In plaats van actie te ondernemen tegen deze ontwikkelingen, lijkt GroenLinks de situatie zwijgend aan te kijken. De partij stelt zich op als een soort VVD, die bang is zetels te verliezen als het een punt maakt dat hen zetels kan kosten, omdat de burgers die het niet raakt er niet op zitten te wachten. Zo ontstaat een systeem waarin minderheden harder straffen dan witte mannen gerechtvaardigd is en waarin vrouwen extra onveilig zijn. Mensen die zoeken naar een partij die hen niet alleen verdedigt, maar racisme en seksisme ook durft aan te vallen, zien GroenLinks wegkijken, juist wanneer ze ons nodig hebben.

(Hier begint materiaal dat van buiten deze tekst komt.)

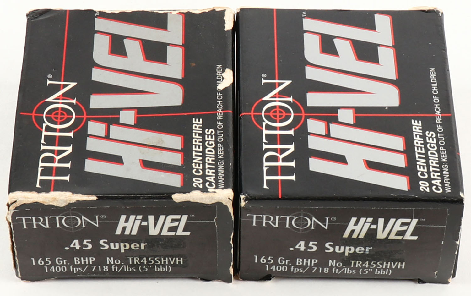 Triton, Lot of (2), Hi-Vel, .45 Super, 165 Grain BHP, Full, 1pc, multi-colored boxes, boxes are solid, ammo is excellent. Grade: Very Good + - Value: 16 to 60

De stilte over racisme vanuit onze (vrij witte) partij sinds de kwestie rond Bouchallikht geeft het idee dat het optioneel is om over racisme te beginnen. Als wij een wetsvoorstel tegen hatecrimes hebben zijn we zo trots als een pauw. Maar waar is de passie die we voelden bij de Black Lives Matter beweging, nu racisme zich voordoet recht voor onze neus? Waar is de steun voor Kamerleden als Sylvana Simons, als zij op hun vrouw-zijn worden aangevallen? Waar is de partij die over de crisis van morgen durft te praten als deze zich aandient? GroenLinks zou zich bewust moeten zijn van wat er gebeurt en dit op de agenda moeten zetten, voordat we onze gekleurde achterban terecht verliezen.